Omitting the pictures, output all of the records precisely as written.

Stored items

□ □ □ □ □

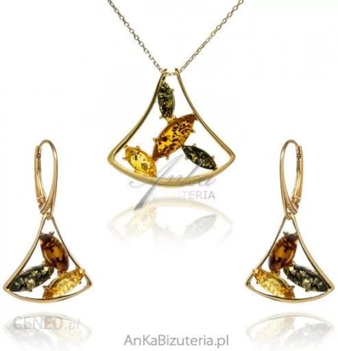 nr. produktu : 15.223Srebrny komplet pr. 925Uszlachetnienie srebra: pozłacany 24 k złotemKamienie: naturalny bursztyn bałtycki w kolorze żółtym ,koniak, zielonyWisiorek:Waga wisiorka~ 3,65 gDługość wisiorka: : 2,8 cmSzerokość wisiorka:: do 3,3 cmKolczyki:Waga kolczyków ~ 4 gWymiary kolczyków -dł. 3,5 cm razem z zapięciem/ szerokość do 2 cmTyp zapięcia kolczyków – angielskieOpakowanie do kompletu gratis – na zdjęciu.Na zdjęciu zawieszka z łańcuszkiem pozłacanym ANKIER 0,4 – w ofercie sklepuCertyfikat autentyczności bursztynu załączony do biżuterii….https://www.ankabizuteria.pl/bizuteria-srebrna-pozlacana-z-kolorowym-bursztynem
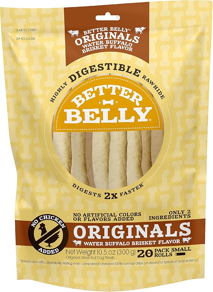 Better Belly Highly Digestible Rawhide Small Roll Chews, Treat Your Dog to a Chew with NO Artificial Colors or Flavors
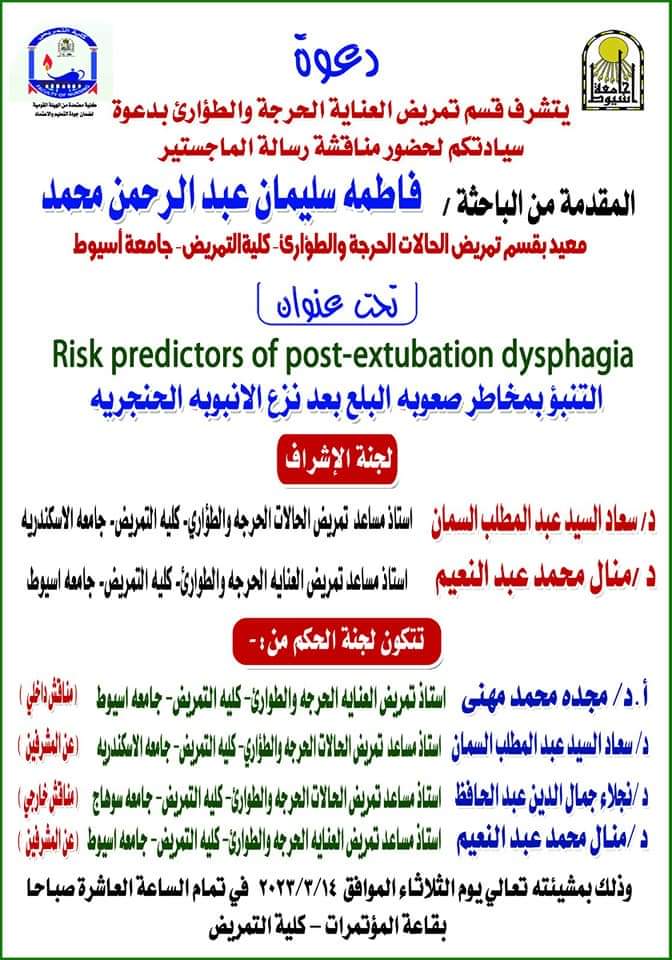 2023-03-14 ثلاثاء, 14 مارس 2023 - 12:00 بالصورحصول رسالة الماجستير الخاصة بالباحثة/فاطمة سليمان عبد الرحمن محمود معيد بقسم تمريض العناية الحرجة والطؤارى على تقدير امتياز
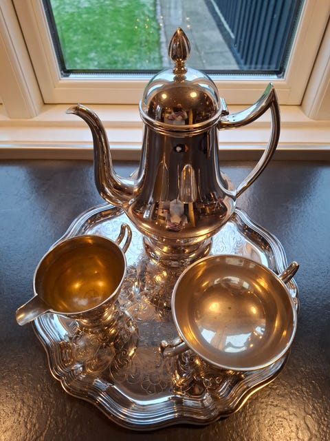 Kaffestel i sølvplet
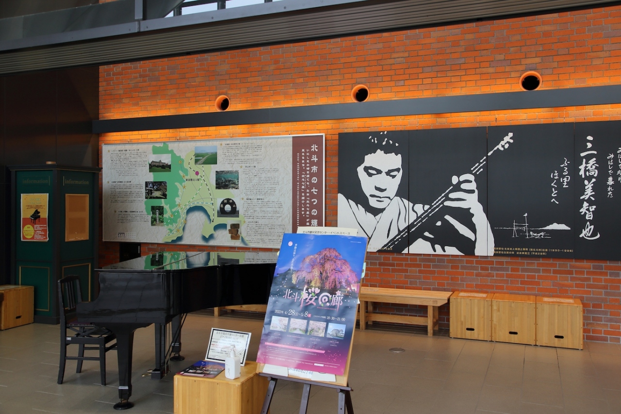 駅舎そのものは新しいだけあって綺麗で、観光案内所や観光交流センター観光案内所やアンテナショップなどが入っています。1階にはギャラリーもあり、『北斗』にちなんで『北斗の券』のケンシロウ像が設置されています。ただ、ギャラリー自体が小さく、ケンシロウ像もそれほど大きくないので注意して探さないと見落とすかもしれません。
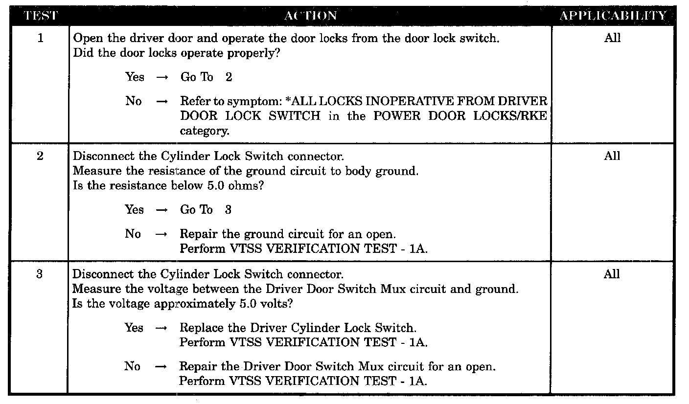 VTSS Fails to Arm From Driver Door Cylinder Lock Switch
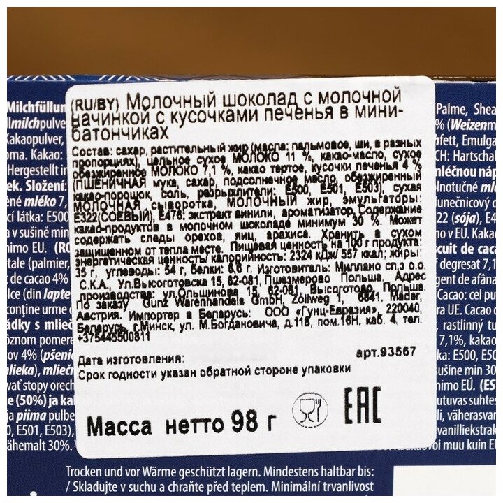 | Состав | sugar, vegetable fats (palm, shea; in varying proportions), whole milk powder 11%, cocoa butter, skimmed milk powder 7.1%, cocoa mass, pieces of cocoa biscuits 4% (wheat flour, sugar, sunflower oil, fat reduced cocoa powder, salt, raising agents: e500, e501, e503), sweet whey powder (from milk), milk fat, emulsifiers: e322 (soya), e476; vanilla extract, flavouring |
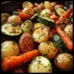 These Garlic Herb Roasted Potatoes, Carrots, and Zucchini are a simple, one-pan dish packed with flavor and nutrients. The vegetables are tossed in a garlic and herb-infused oil, then roasted to perfection until tender and caramelized.

□ □ □ □ □

= ANSWER TO THIS PROBLEM =
 nr. produktu : 15.223Srebrny komplet pr. 925Uszlachetnienie srebra: pozłacany 24 k złotemKamienie: naturalny bursztyn bałtycki w kolorze żółtym ,koniak, zielonyWisiorek:Waga wisiorka~ 3,65 gDługość wisiorka: : 2,8 cmSzerokość wisiorka:: do 3,3 cmKolczyki:Waga kolczyków ~ 4 gWymiary kolczyków -dł. 3,5 cm razem z zapięciem/ szerokość do 2 cmTyp zapięcia kolczyków – angielskieOpakowanie do kompletu gratis – na zdjęciu.Na zdjęciu zawieszka z łańcuszkiem pozłacanym ANKIER 0,4 – w ofercie sklepuCertyfikat autentyczności bursztynu załączony do biżuterii….https://www.ankabizuteria.pl/bizuteria-srebrna-pozlacana-z-kolorowym-bursztynem
 Better Belly Highly Digestible Rawhide Small Roll Chews, Treat Your Dog to a Chew with NO Artificial Colors or Flavors
 2023-03-14 ثلاثاء, 14 مارس 2023 - 12:00 بالصورحصول رسالة الماجستير الخاصة بالباحثة/فاطمة سليمان عبد الرحمن محمود معيد بقسم تمريض العناية الحرجة والطؤارى على تقدير امتياز
 Kaffestel i sølvplet
 駅舎そのものは新しいだけあって綺麗で、観光案内所や観光交流センター観光案内所やアンテナショップなどが入っています。1階にはギャラリーもあり、『北斗』にちなんで『北斗の券』のケンシロウ像が設置されています。ただ、ギャラリー自体が小さく、ケンシロウ像もそれほど大きくないので注意して探さないと見落とすかもしれません。
 VTSS Fails to Arm From Driver Door Cylinder Lock Switch
 | Состав | sugar, vegetable fats (palm, shea; in varying proportions), whole milk powder 11%, cocoa butter, skimmed milk powder 7.1%, cocoa mass, pieces of cocoa biscuits 4% (wheat flour, sugar, sunflower oil, fat reduced cocoa powder, salt, raising agents: e500, e501, e503), sweet whey powder (from milk), milk fat, emulsifiers: e322 (soya), e476; vanilla extract, flavouring |
 These Garlic Herb Roasted Potatoes, Carrots, and Zucchini are a simple, one-pan dish packed with flavor and nutrients. The vegetables are tossed in a garlic and herb-infused oil, then roasted to perfection until tender and caramelized.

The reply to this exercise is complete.